Problem to work on: The word "معدن" may appear in lines of the data below. Say how many lines hold it, giving only the number.

Start of Supplied data

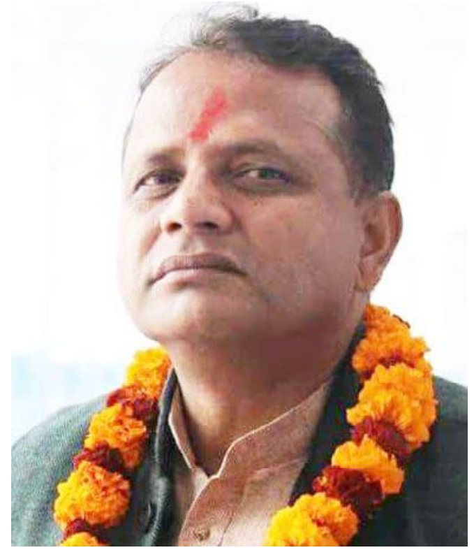
प्रदेश नं. २ का मुख्यमन्त्री लालबाबु राउत

- संविधानप्रति सबै नेपालीलाई अपनत्व महशुस गराउन सङ्घीय चरित्रलाई अवलम्बन गर्नु आवश्यक छ। यही जगमा जनताका अधिकारहरू सुनिश्चित हुनुपर्दछ। स्रोत र साधनले सम्पन्न गराई जीवनस्तरमाथि उठाउने र रोग, भोक र अभावबाट मुक्ति दिने लक्ष्यको निर्धारण आवश्यक छ। संविधानले दिएका अधिकारलाई यथार्थमा परिणत गर्न तीनै तहलाई बलियो बनाउदै संविधानका असन्तुष्टिका बुँदालाई सच्याएर सबैको पहुँच, आफ्नाका लागि आफैँबाट शासन, न्यायपूर्ण भूमि व्यवस्थापन, जातीय तथा लैङ्गिक भेदभावको अन्त्य, प्राकृतिक स्रोतसाधनमाथि स्वामित्व, अत्यसङ्ख्यकको अधिकार, समावेशी र समानुपातिक पद्धतिको व्यावहारिक धरातलमाथि अपनत्व महशुस गराउनु पर्दछ।
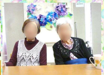
訪問カット「金太郎」さんをお願いしました。皆さん、夏バージョンでスッキリさっぱりしました。とてもお合いですね♥
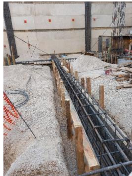
Cimbra de contrarabes, dados y cabezales
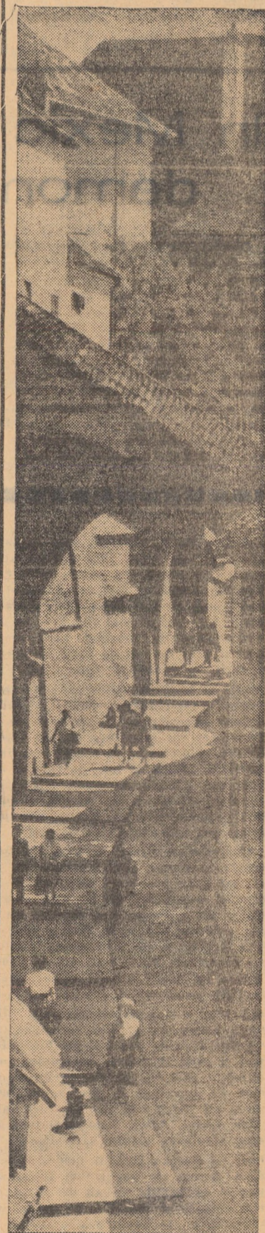
Din arhitectura Sibului de altădată: Pasajul scării.

Într-o clădire pusă la dispoziție de către consiliul popular comunal, prin investițiile acordate de către Direcția agricolă județeană, la Iacobeni a fost reamenajat și dotat cu instrumentarul necesar dispensarul veterinar. El asigură condiții corespunzătoare pentru aplicarea tratamentelor.
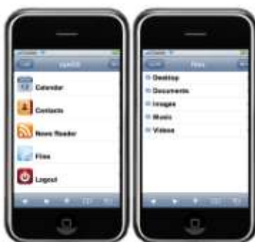
Figura 4. EyeOS acessado via dispositivo móvel

Segundo Gagné (2010), as vantagens do sistema EyeOS são evidentes. Além de poder ser utilizado dentro de empresas em seus sistemas privados, pode ser utilizado em escolas e sistemas de ensino à distância uma vez que possibilita a modificação e adaptação de todo o sistema por ter seu código aberto. No caso de uma escola, por exemplo, poderia ser criado um desktop diferente para alunos e professores. Seguindo o conceito de Cloud , tudo é acessado por um browser e fica disponível a qualquer momento e em qualquer lugar para todos os usuários, necessitando apenas de uma conexão com a internet para que se possa usufruir do mesmo. Para que um administrador instale o sistema e o disponibilize para demais usuários, é requerido pelo sistema um servidor web compatível com PHP5 além de algumas outras dependências.
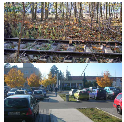
Standort des geplanten Haltepunktes Bad Saarow Klinikum (oben). Unmittelbar hinter dem schmalen Baumstreifen befindet sich der Parkplatz (unten) und 50 Meter weiter erreicht man den Klinikeingang (neben dem Flachbau in der Mitte).
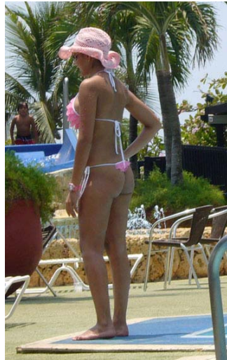
Eindrücke aus Cartagena

Plätzen und nicht so viel Militär wie an den hiesigen Stränden. Noch etwas fiel uns auf, die Schönheitschirurgen haben in Kolumbien bestimmt gut zu tun wenn man so die vielen stolz gezeigten Busen ansieht.
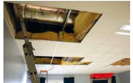
Début de l'installation des conduits du système de chauffage en février
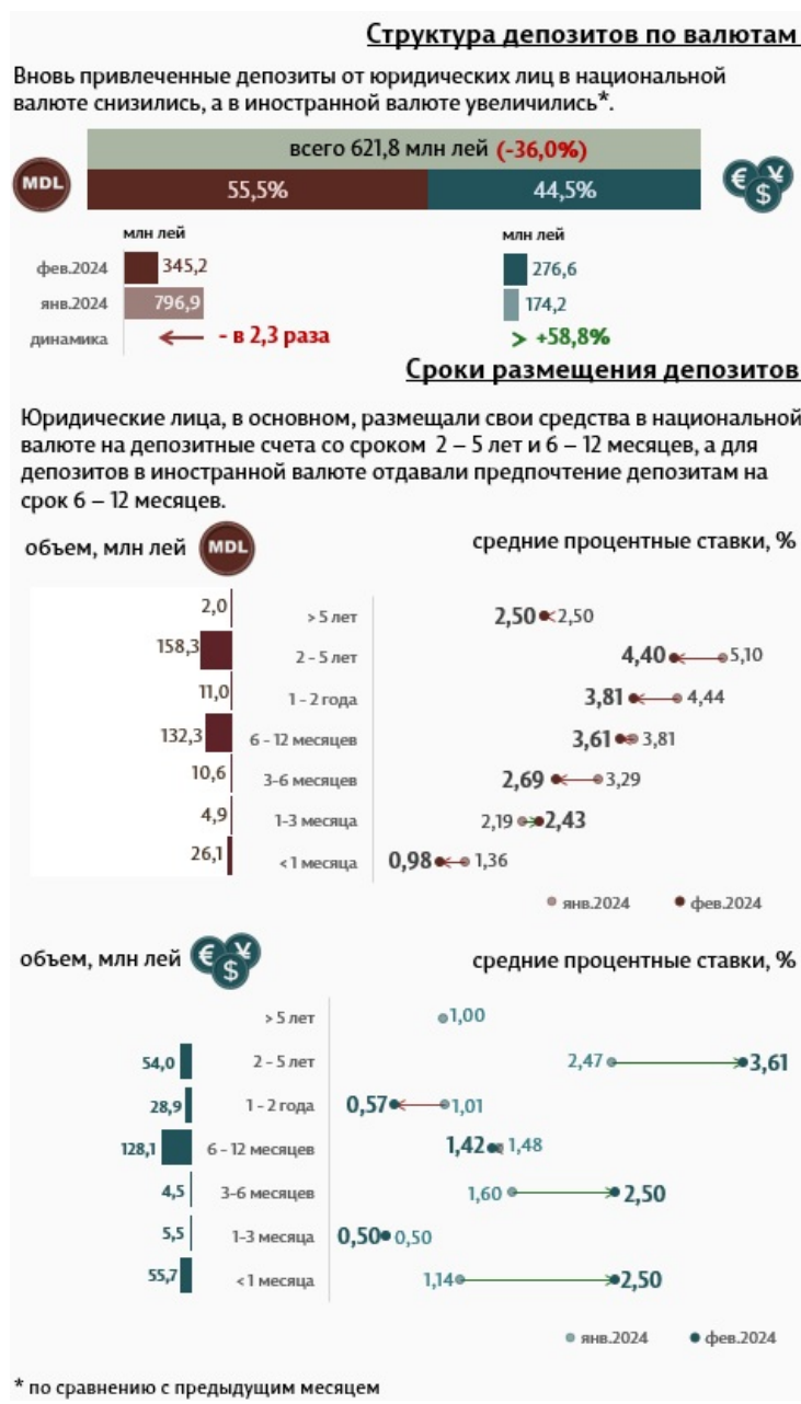
Инфографика 3. Вновь привлеченные срочные депозиты от юридических лиц

Депозиты юридических лиц в национальной валюте составили 345,2 миллиона леев, а в иностранной валюте – 276,6 миллиона леев.
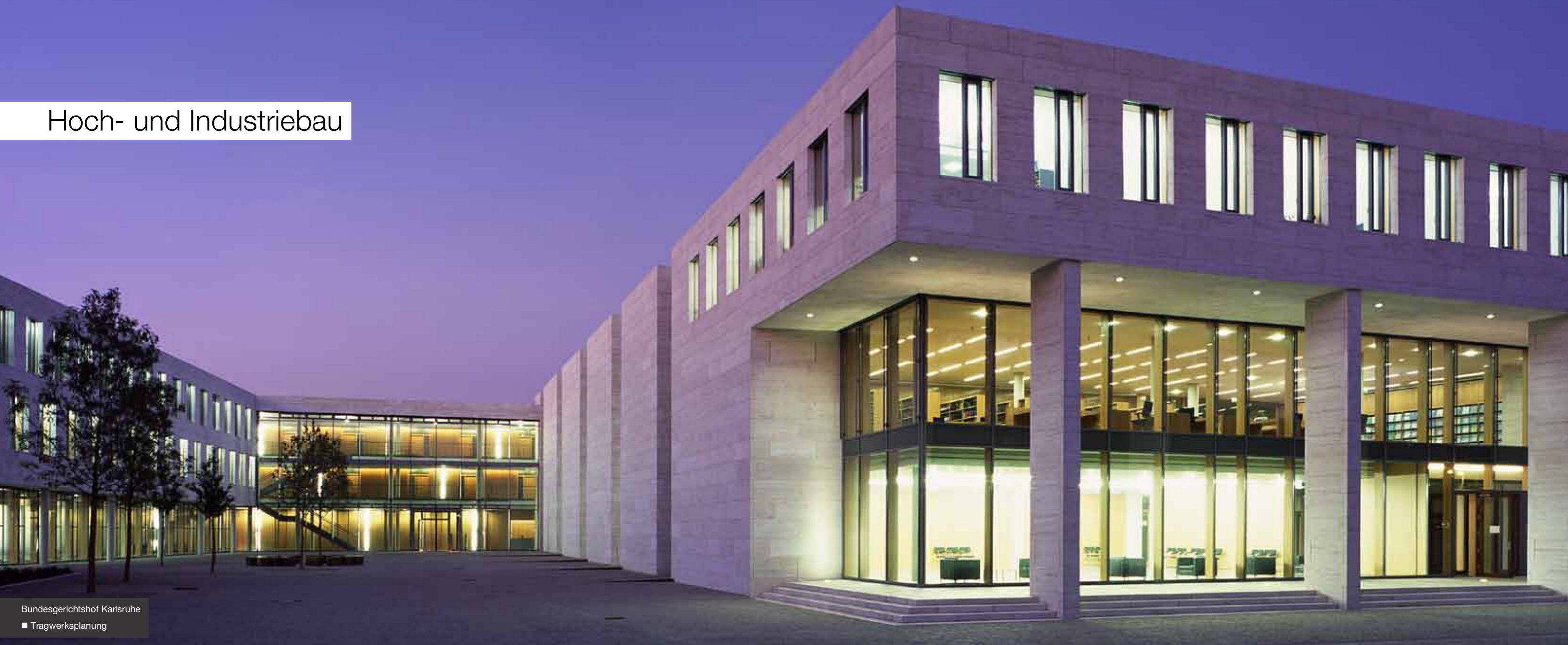
Bundesgerichtshof Karlsruhe ■ Tragwerksplanung
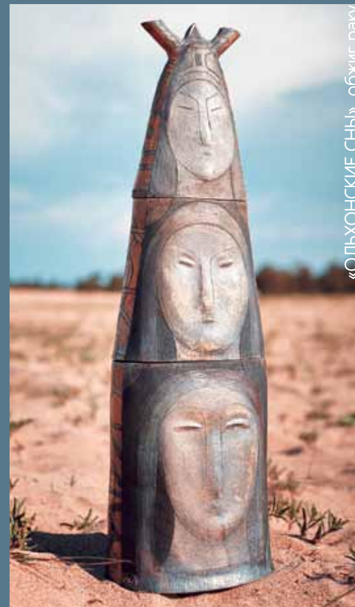
«ОЛЬХОНСКИЕ СНЫ», обжиг раку
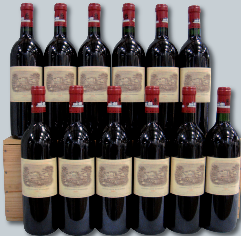
Lot 163 (12 CHÂTEAU LAFITE ROTHSCHILD 1990)
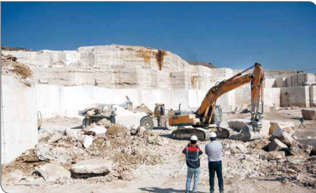
صحنه‌ای از معدن کاپور

با نیاز به یک ریز پایدار محیطی، منجر به توسعه روش‌های پیشرفته استخراج می‌شود. در سراسر جهان، بیشتر ذخایر معدنی سطحی باکیفیت بالا، شناسایی شده و توسعه‌یافته‌اند و نیازمند فناوری‌های جدید برای شناسایی ذخایر زیر پوشش هستند. افزایش نگرانی اجتماعی درباره معدن باعث می‌شود فرآیندها و فناوری‌های جدید توسعه یابند و در نتیجه، وضعیت اجتماعی، عملکرد زیست‌محیطی و رونق اقتصادی نیز بهبود یابد.
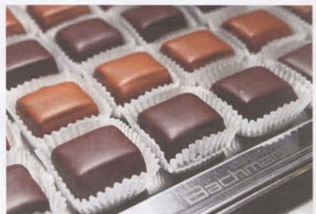
Rose D'Or Limited Edition Wasserturm Stein erhältlich ab 13. April in allen Bachmann-Filialen.
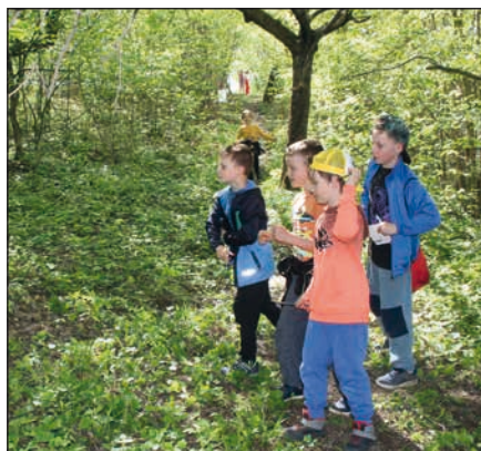
O nalezené drobnosti a sladkosti se rozdělili.

V pátek 5. května jsme uspořádali pro žáky navštěvující školní družinu čarodějnickou stezku. Trasa se čtrnácti stanovišti vedla rozkvetlou přírodou s cílem na nedalekém kopci. Žáci vycházeli po tříčlenných skupinkách a desetiminutových intervalech. Vzájemně spolupracovali při plnění úkolů. Na jednotlivých stanovištích zjistili vždy jedno písmenko z tajenky. Závěrem vyluštili tajenku – název pro pálení čarodějnic – Filipojakubská noc. Všichni pak společně hledali ukrytý poklad v lese.
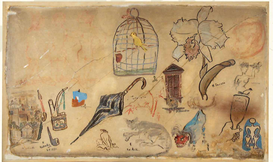
《アカデミー・バー壁画》 1950年前後 顔料・漆喰 108×185cm
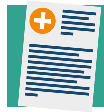
Verklaring deskundige (bijvoorbeeld een arts)
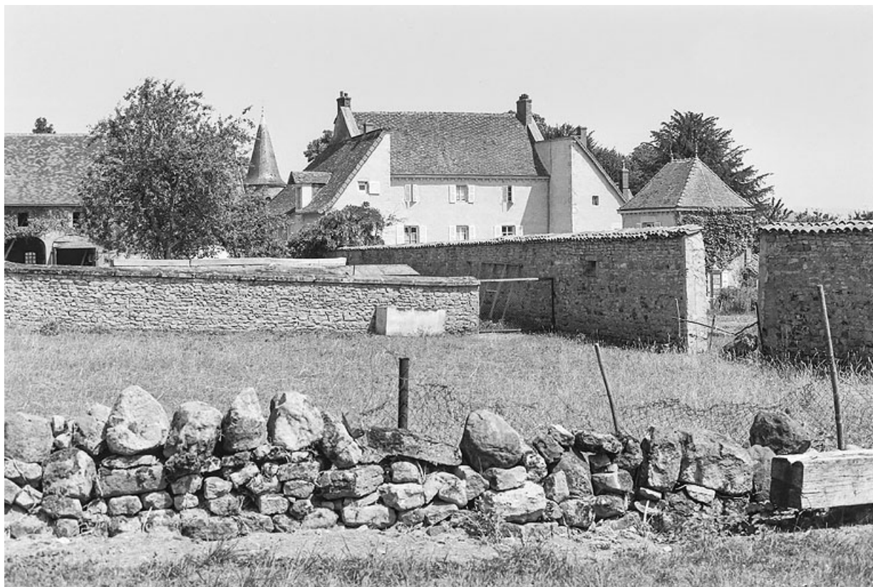
Vue de la façade antérieure du château, vers 1970.

71, Saint-Laurent-en-Brionnais, lieu-dit : Le Bourg

End of Supplied data

Solution to the problem: 2